This thread has nothing to do with artificial general intelligence: is
there not a more appropriate venue for it?
Richard Loosemore
Jim Bromer wrote:
*/Robin Gane-McCalla <[EMAIL PROTECTED]>/* wrote: Can you give
me an example of any such problems (or a class of such problems)? By the
definition of NP-complete, any problem in NP must be reducible to any
problem in NP through a polynomial transformation.
---------------------------------------------------------
It took me a while to figure this one out. I was using the term np as a
measure of the time (or time-data space) for computational processes and
it was not very precise as such. However, the definition of np is more
precise which is why your comment forced me to think about it.
I was just trying to point out that even if a np-complete program was
proven to be solvable in p-time, there still would be problems that
would take much longer to solve. And some of them might look like
np-complete problems to the casual onlooker.
For instance the SAT problem asks only if a certain logical formula has
a solution (that is, a True solution). At this time, in the worse case
the solution to this problem for n variables could take more than 2^n
'steps' to complete, which is the same time it would take to try every
possible combination of logical (True or False) values in the formula.
Let's say that a method (might as well say my method) produces a
solution to the SAT problem where even the worse cases can be determined
in polynomial time.
Now let's say that the problem is not to determine whether or not there
is a solution or not, but to output every possible combination of values
for a logical formula and give the logical result as well.

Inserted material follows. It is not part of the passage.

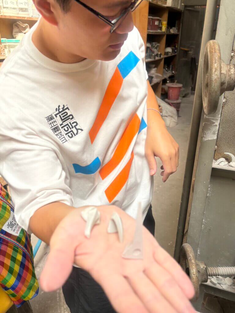 老闆展示並說明測溫錐。從本來是直立狀態,藉由觀察測溫錐彎曲狀態,可以隨時調整窯燒的溫度。
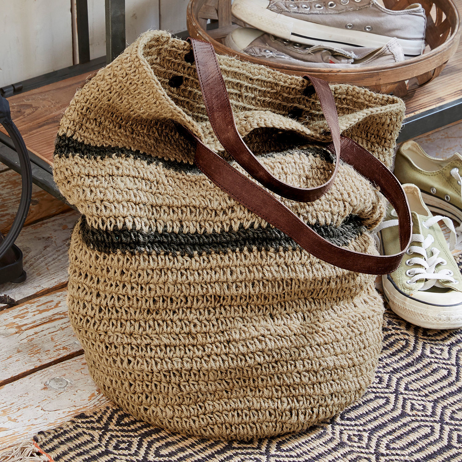 Der schicke, großzügige Shopper in modischer Beutelform begeistert alle, die es natürlich mögen. Die hochwertige Tasche besteht aus ungefütterter Jute und stabilen Henkeln aus wertvollem Ziegenleder – ein gekonnter Materialmix, der für Natur pur steht. Hierin finden all Ihre Schätze vom Stadtbummel oder dem Einkauf auf dem Markt Platz. Auch für einen Spaziergang, ein Treffen im Café mit Freunden, einige Stunden im Park oder einen Wochenendausflug ist sie ein wunderbarer Begleiter mit viel Stauraum. Das angenehm dezente Design passt sich wirklich jedem Outfit harmonisch an, ob Rock und Bluse oder lässige Jeans. Die perfekte Tasche für alle Fälle!

Since there
are 2^n combinations for a formula of n distinct logical variables, the
output would have to take more than 2^n 'steps'. So even supposing the
np-complete problem could be solved in polynomial time, there are still
problems that cannot be completed in polynomial time.
Interestingly, if a polynomial time solution to the SAT problem was
found, it might be possible to output a couple of formulas that could
define all of the true and all of the false combinations without
distinctly outputting every one separately. However, the problem I
defined above specifically called for each possible combination to be
output and therefore it cannot be solved in polynomial time -by
definition-. This is a trivial example, but it shows that there are
problems that cannot be solved in polynomial time, and because this
problem has something in common with the np-complete problem of
Satisfiability, some people might be confused by the problem.